The group size and locations of the Yangtze finless porpoises were investigated through visual observations from two small boats. Twelve visual surveys were conducted, with five surveys completed during the dry season when water level and flow rate were both low (from November 2022 to March 2023) and seven surveys conducted during the wet season when water level was high and flow rate was fast (from June to August 2023). During each survey, boat speeds were maintained at 8–14 km h− 1, which is significantly faster than the swimming speed of porpoises (4.5 km h− 1) [36]. Surveys were conducted in sunny or cloudy conditions with winds below Level 3, because under these conditions, the sight was clear, the river surface was calm, and finless porpoises could be effectively observed. Sighting information regarding finless porpoises, including sighting time, GPS locations, group size, and distance from the sighting to the nearest river bank, were recorded. The survey routes ran parallel to the riverbanks, with three routes along the mainstream (left, middle, and right sides) and one route along the tributary. The small vessels provided effective visual coverage of approximately 300 m in width. The four survey routes covered the entire study area.

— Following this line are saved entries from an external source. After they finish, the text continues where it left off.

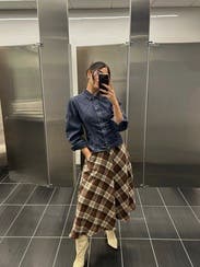A denim shirt but make it fashion. I love the shape. Great waist cinching and the sleeves make it so flattering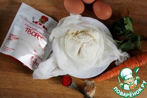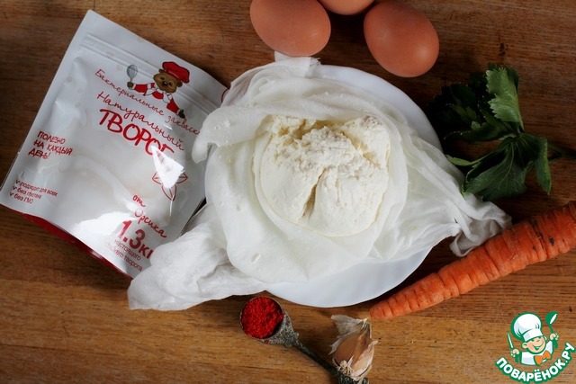Всё любимое: творог, морковь, хлебцы, паприка. Из зелени взяла петрушку и укроп (сельдерей не нашла). Не солила, творог взяла покупной.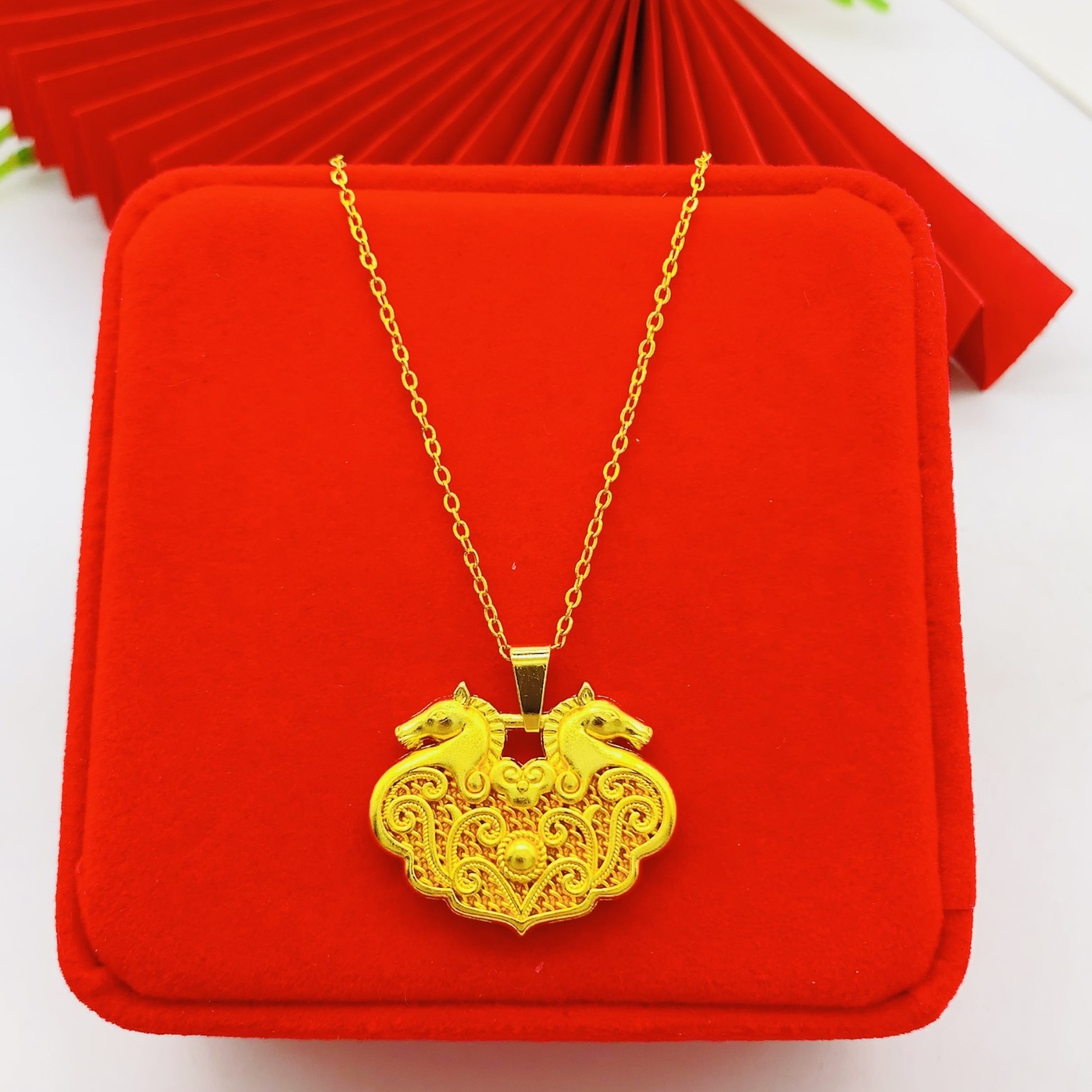 銅金メッキ婁空転運珠ペンダント女性ベトナム沙金クロスネックレス水波チェーンジュエリー卸売り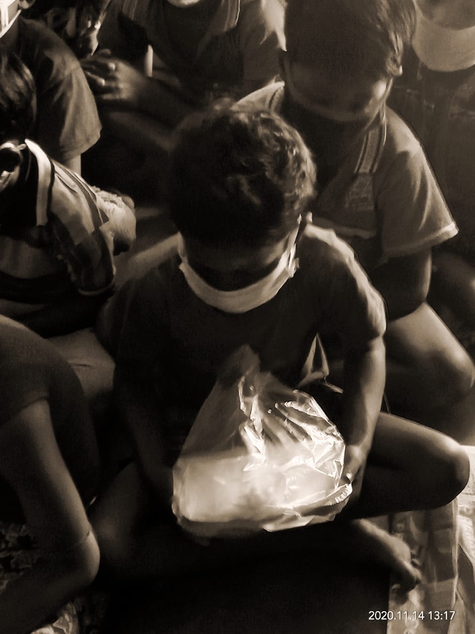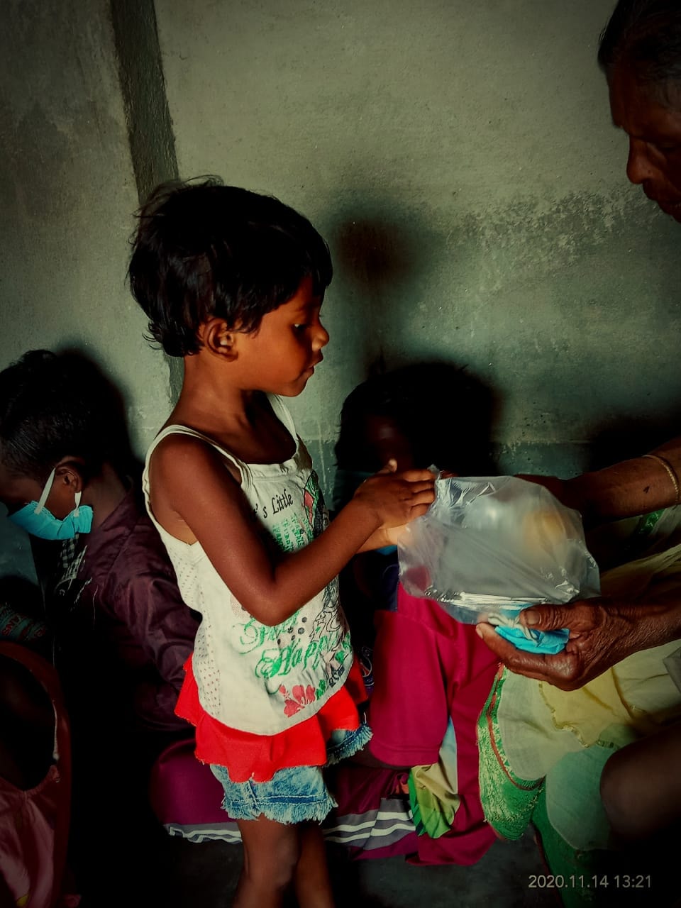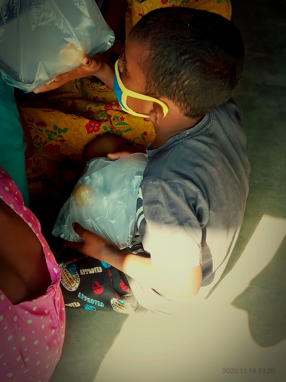 They are happy to get rice, pulses, chips and meat.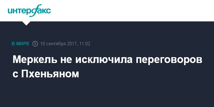 Москва. 10 сентября. INTERFAX.RU - Берлин готов использовать политический вес для дипломатического решения северокорейской проблемы, сообщила канцлер Германии Ангела Меркель в интервью, опубликованном в воскресенье в газете Frankfurter Allgemeine Zeitung ("Франкфуртер альгемайне зонтагсцайтунг").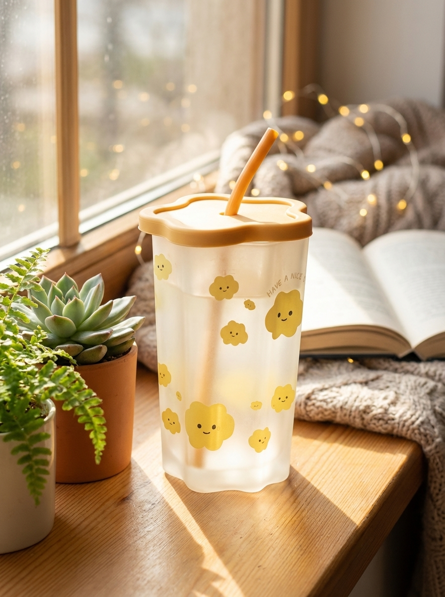 Cute glass cup with silicone lid and straw yellow cloud design aesthetic tumbler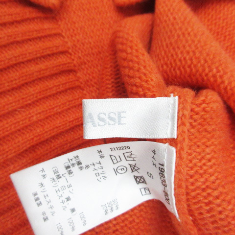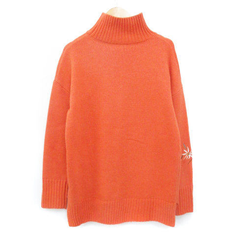 ドゥクラッセ DoCLASSE ニット セーター 長袖 ハイネック 花柄刺繍 ウール混 S オレンジ 白 ホワイト /FF30 レディース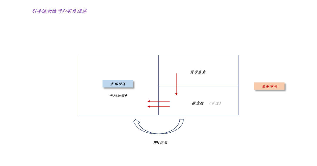 那么,该如何引导“物价合理回升”呢??从最根本的货币银行学原理上来讲,就是要引导流动性从金融系统回归实体经济。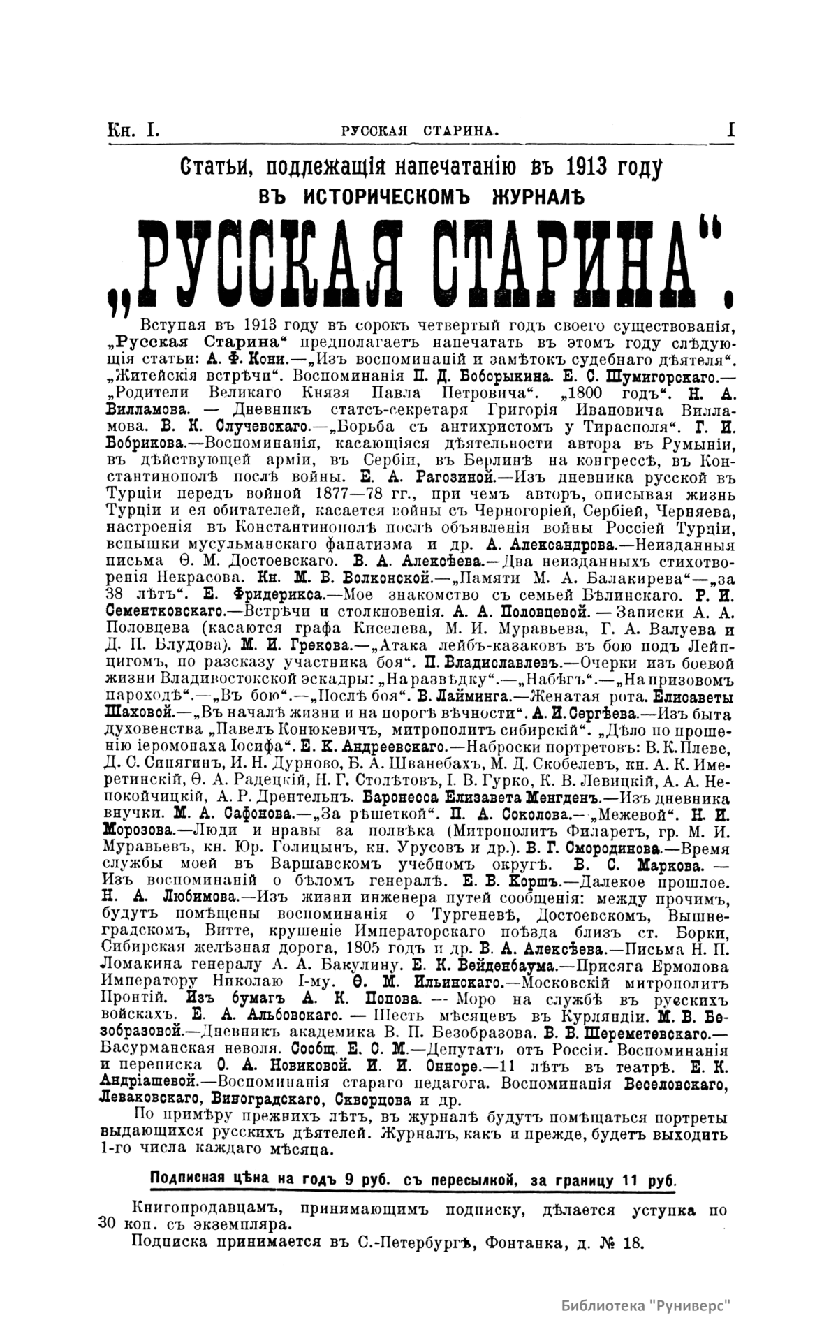 На страницах «Русской старины» напечатаны думы, послания, эпиграммы К. Ф. Рылеева, басни И. А. Крылова, И. И. Хемницера, Измайлова, стихотворения графа А. К. Толстого, К. Р., Я. Б. Княжнина, А. Н. Нахимова, К. П. Батюшкова, барона Дельвига, Розенгейма, В. А. Жуковского, М. Ю. Лермонтова, А. И. Одоевского, Кюхельбекера, Баратынского, вновь найденные строфы из «Евгения Онегина» и отрывки из «Мертвых душ», а также автобиографии и переписки писателей, под редакцией П. А. Ефремова. Статьи и исследования по вопросам новейшей русской истории принадлежат самому М. И. Семевскому, В. А. Бильбасову, А. П. Брикнеру, князю Н. С. Голицыну, Д. И. Иловайскому, П. И. Карцову, барону Н. А. Корфу, Н. И. Костомарову, И. И. Ореусу, А. Н. Петрову, В. И. Семевскому, Н. К. Шильдеру и др.К журналу выпущены отдельные издания: Указатель «Русская старина».СПб, 1883 г . (1 том), «Систематическая роспись содержания «Русской старины» за 1870-1884 гг.» (СПб., 1885), и четыре прибавления: за 1885-1887 гг. (СПб., 1888), за 1888-1890 гг. (СПб., 1891), за 1891-1896 гг. (СПб., 1897), за 1896-1902 гг. (СПб., 1903) (5 изданий в 3-х томах), сборник гравюр «Русские деятели в портретах изданных редакциею исторического журнала «Русская старина». СПб, 1886-1891 гг.(5 изданий, 2 тома).

Biological and environmental factor data collection

Data were collected across two seasons: dry (December 2022) and wet (August 2023). Sampling sites were placed every 2 km along the visual survey routes, totaling 45 sampling sites (Fig. 1). Biological factors included zooplankton and phytoplankton biomass (mg/L), as well as environmental factors such as water depth (m), surface water temperature (°C), and flow velocity (m/s) were collected. Zooplankton collection and processing were performed as described by Shen [37]. Chen [38] detailed the methods for collecting and processing phytoplankton. Water depth was measured using a depth sounder (VA, USA), whereas surface water temperature and flow velocity were monitored using a Doppler flow meter (SonTek-M9; SonTek Inc., San Diego, CA, USA).

Data analysis

Mann-Whitney U-test was used to detect differences in porpoise abundance between seasons. Biological and environmental factors were processed using the Kriging interpolation method in ArcGIS 10.8 (Environmental Systems Research Institute, Inc., Redlands, CA, USA). MaxEnt model has excellent predictive accuracy and can quantitatively characterize the habitat distribution of species and changes in biological and environmental factors through the screening of major ecological and environmental factors. MaxEnt model has been widely used in the evaluation of habitat suitability for cetaceans [39, 40]. An initial model was established by including Yangtze River finless porpoise distribution data and five environmental factors, with 75% of the distribution points set as the training set and 25% as the test set. The maximum number of background points was set to 10,000, the maximum number of iterations to 500, and the model was run 10 times with all other parameters remaining constant. The predictive accuracy of the model was evaluated using the average area under the receiver operating characteristic curve (AUC). The criteria were as follows: 0.5 ≤ AUC < 0.6, fail; 0.6 ≤ AUC < 0.7, poor; 0.7 ≤ AUC < 0.8, fair; 0.8 ≤ AUC < 0.9, good; 0.9 ≤ AUC < 1.0 [39]. The higher the AUC score, higher the accuracy of the model prediction and evaluation of potential habitats for the Yangtze finless porpoise. The Jackknife approach was used to examine the importance and contribution of environmental variables to the model prediction, and the responses of key variables were analyzed using the probability of the presence of the Yangtze finless porpoise. In ArcGIS 10.8, the habitat range of Yangtze finless porpoise was determined by the median of the cumulative results, and a cumulative probability of 5% was defined as a high suitability area, 5–35% as a medium suitability area, and >35% as a low suitability area [40].

Results

Porpoise number and distribution

A total of 36 sightings of 69 porpoises were recorded, with an average of 5.83 ± 2.98 individuals seen per survey. During the dry season, 18 sightings of 32 porpoises were documented, with an average of 6.40 ± 1.95 individuals observed per survey. During the wet season, there were 18 sightings of 37 porpoises, with an average of 5.29 ± 3.45 individuals seen per survey (Table 1). There was no significant change in the average number of finless porpoises seen between the two seasons (Mann-Whitney test, Z = − 0.828, P > 0.05). In the wet season, finless porpoises were widely distributed in the water area of the sandbar head and tributaries, whereas in the dry season, they were densely distributed in the mainstream (Fig. 2).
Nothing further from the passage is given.